» GIVEN INFORMATION
Content starts
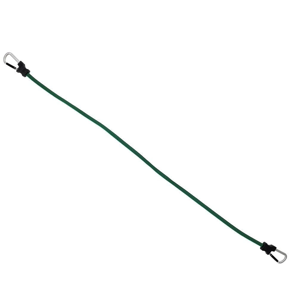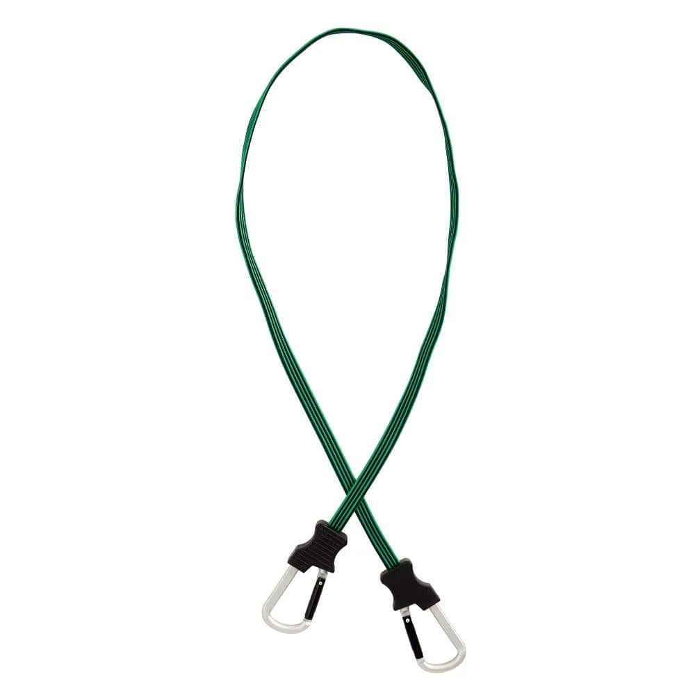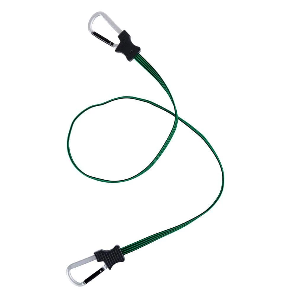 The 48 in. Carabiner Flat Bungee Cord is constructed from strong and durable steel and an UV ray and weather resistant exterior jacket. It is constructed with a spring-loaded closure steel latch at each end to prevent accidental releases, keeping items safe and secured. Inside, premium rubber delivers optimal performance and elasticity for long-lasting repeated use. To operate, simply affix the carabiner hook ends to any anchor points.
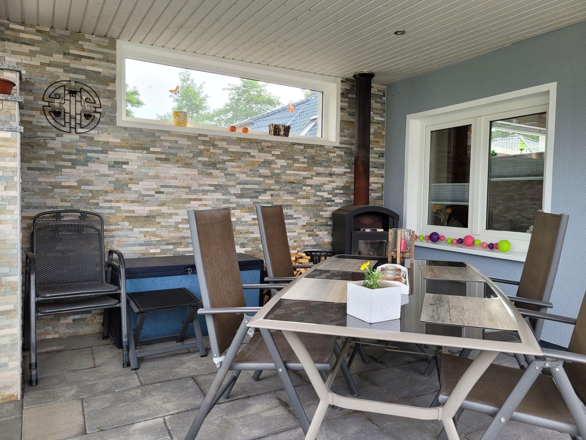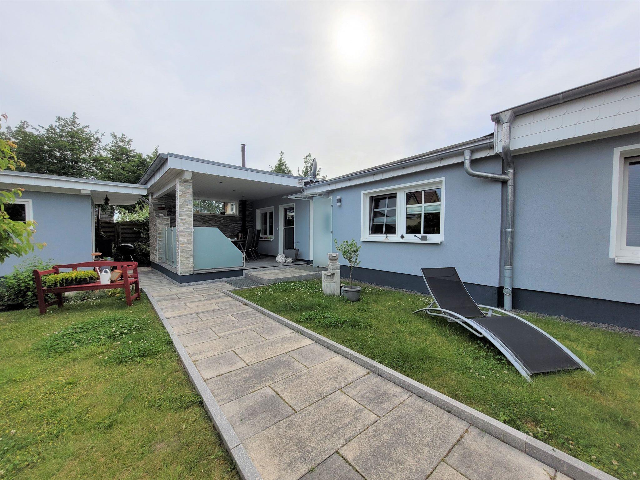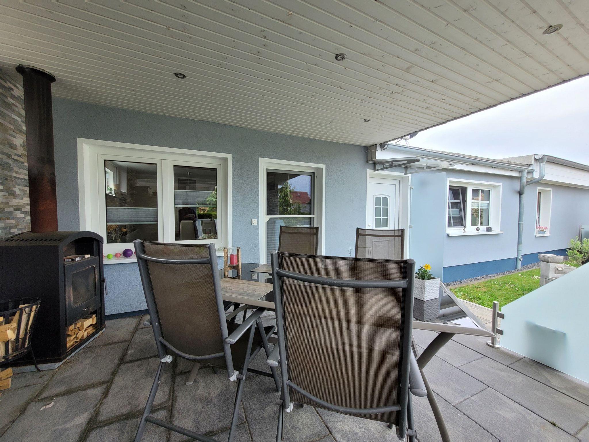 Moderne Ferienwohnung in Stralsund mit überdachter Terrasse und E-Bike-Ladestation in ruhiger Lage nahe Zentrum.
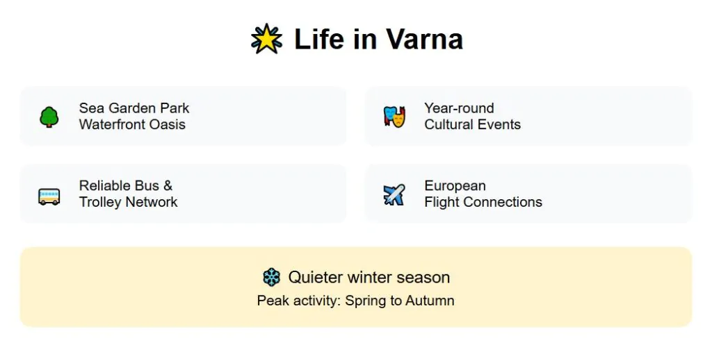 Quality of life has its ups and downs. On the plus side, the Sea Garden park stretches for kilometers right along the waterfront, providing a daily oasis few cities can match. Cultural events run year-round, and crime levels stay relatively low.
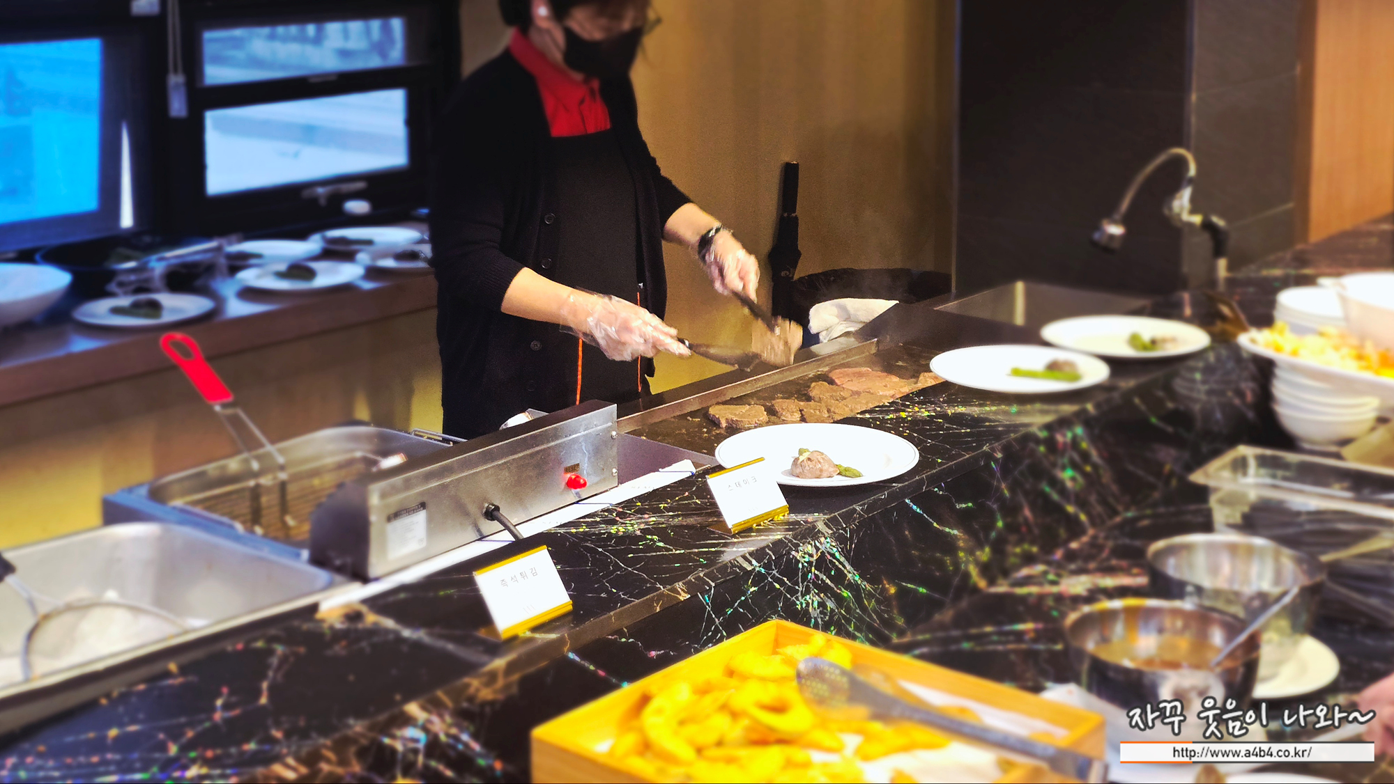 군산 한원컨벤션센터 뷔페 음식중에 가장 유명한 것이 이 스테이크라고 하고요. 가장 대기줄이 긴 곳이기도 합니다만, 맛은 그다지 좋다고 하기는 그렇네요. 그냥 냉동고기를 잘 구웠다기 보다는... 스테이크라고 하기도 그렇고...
Content ends
None of the pictures should be reproduced; all other material above must be set down exactly.

 The 48 in. Carabiner Flat Bungee Cord is constructed from strong and durable steel and an UV ray and weather resistant exterior jacket. It is constructed with a spring-loaded closure steel latch at each end to prevent accidental releases, keeping items safe and secured. Inside, premium rubber delivers optimal performance and elasticity for long-lasting repeated use. To operate, simply affix the carabiner hook ends to any anchor points.
 Moderne Ferienwohnung in Stralsund mit überdachter Terrasse und E-Bike-Ladestation in ruhiger Lage nahe Zentrum.
 Quality of life has its ups and downs. On the plus side, the Sea Garden park stretches for kilometers right along the waterfront, providing a daily oasis few cities can match. Cultural events run year-round, and crime levels stay relatively low.
 군산 한원컨벤션센터 뷔페 음식중에 가장 유명한 것이 이 스테이크라고 하고요. 가장 대기줄이 긴 곳이기도 합니다만, 맛은 그다지 좋다고 하기는 그렇네요. 그냥 냉동고기를 잘 구웠다기 보다는... 스테이크라고 하기도 그렇고...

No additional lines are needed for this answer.